NiveauxModèle en clusterModèle en mesures répétées

Niveau 1

Les étudiants

Les 2 (temps de) mesures d'agréabilité

Niveau 2

Le groupe TD

Les étudiants (qui ont chacun produit 2 mesures d'agréabilité)

Niveau 3

L'université

Le groupe TD

Une notion importante : facteurs croisés ou emboîtés ?

Une dernière difficulté dans la modélisation des MLM et qui deviendra plus concrète lorsqu'il s'agira d'écrire les modèles dans le logiciel, est la notion de croisement ou emboîtement des facteurs.

Nous l'avons déjà évoqué dans "une première manière de voir les choses" mais il y a quelques subtilités à garder en mémoire :

  1. Le croisement ou l'emboîtement des facteurs peut concerner les facteurs fixes tout comme les facteurs aléatoires

  2. Des facteurs sont dits emboîtés lorsque le niveau de l'un ne peut être observé que dans un niveau de l'autre.

  3. Des facteurs sont dits croisés lorsque le niveau de l'un peut être observé au travers plusieurs niveaux de l'autre

Exemples

Facteurs emboîtés

Prenons notre exemple de jugement de l'agréabilité de l'enseignant par les étudiants de 2 groupes TD.

Ici, les étudiants constituent le niveau d'analyse (Niveau 1) et chaque étudiant représente un niveau du facteur SUJET.

Ils appartiennent à des groupes TD différents (Niveau 2), facteur GROUPE TD à 2 modalités : Groupe TD1 et Groupe TD2.
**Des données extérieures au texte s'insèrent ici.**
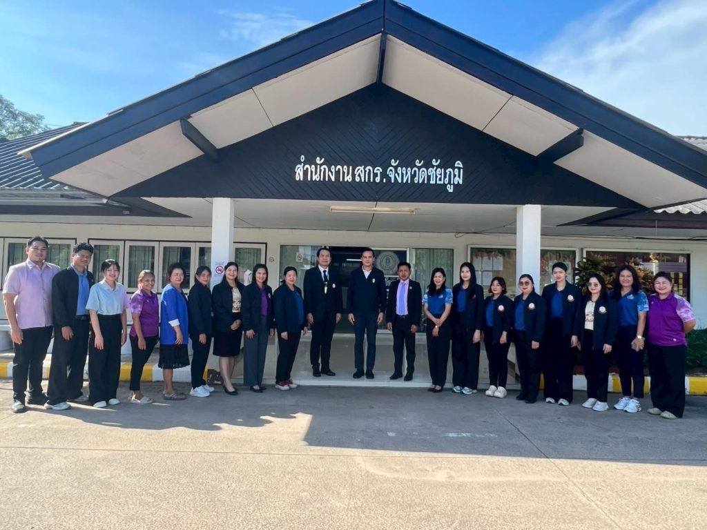 เมื่อวันที่ 3 ตุลาคม 2568 นายเอกราช ชวีวัฒน์ รองอธิบดีกรมส่งเสริมการเรียนรู้ ลงพื้นที่ตรวจเยี่ยมการดำเนินงานและแนวทางการดำเนินการสร้างอาคารสำนักงานพร้อมทั้งให้ข้อเสนอแนะในการพัฒนาอาคารสถานที่ให้เอื้อต่อการส่งเสริมการเรียนรู้และให้กำลังใจแก่เจ้าหน้าที่ผู้ปฏิบัติงาน โดยมีนายกาเรียน ยืนยงชาติ ผู้อำนวยการสำนักงานส่งเสริมการเรียนรู้ประจำจังหวัดชัยภูมิ พร้อมด้วย นายภูริพัฒน์ ศรีแจ่ม รองผู้อำนวยการสำนักงานส่งเสริมการเรียนรู้ประจำจังหวัดสุพรรณบุรี ผู้ฝึกประสบการณ์จริงในหน่วยงานการศึกษาส่วนราชการกำหนด ก่อนแต่งตั้งให้ดำรงตำแหน่ง ผู้อำนวยการสำนักงานส่งเสริมการเรียนรู้ประจำจังหวัด/กรุงเทพมหานครและข้าราชการและบุคลากรทางการศึกษาณ สำนักงานส่งเสริมการเรียนรู้ประจำจังหวัดชัยภูมิ

Étant donné que chaque étudiant ne peut appartenir qu'à un seul groupe TD, chacune des modalités du facteur SUJET n'apparaît que dans une modalité du facteur GROUPE TD. Les facteurs SUJET et GROUPE TD sont donc emboîtés.

Facteurs croisés

Prenons maintenant notre exemple dans lequel nous recueillons plusieurs jugements de l'agréabilité chez les mêmes étudiants : l'une pendant le cours de statistiques et l'autre pendant le cours de psychopathologie.

Ici, les mesures d'agréabilité représentent le niveau d'analyse (Niveau 1).

Il y a deux mesures par étudiant, qui représentent un cluster de mesures, facteur SUJET (Niveau 2), chaque étudiant représentant un niveau de ce facteur.

Chacun de ces étudiants a produit un jugement pendant un cours de statistiques et un cours de psychopathologie, facteur ENSEIGNEMENT (Niveau 3) à deux niveaux (statistiques ; psychopathologie).

Étant donné que tous les étudiants ont participé aux deux cours, autrement dit que tous les niveaux du facteur SUJET sont observés dans tous les niveaux du facteur ENSEIGNEMENT, les facteurs SUJET et ENSEIGNEMENT sont croisés.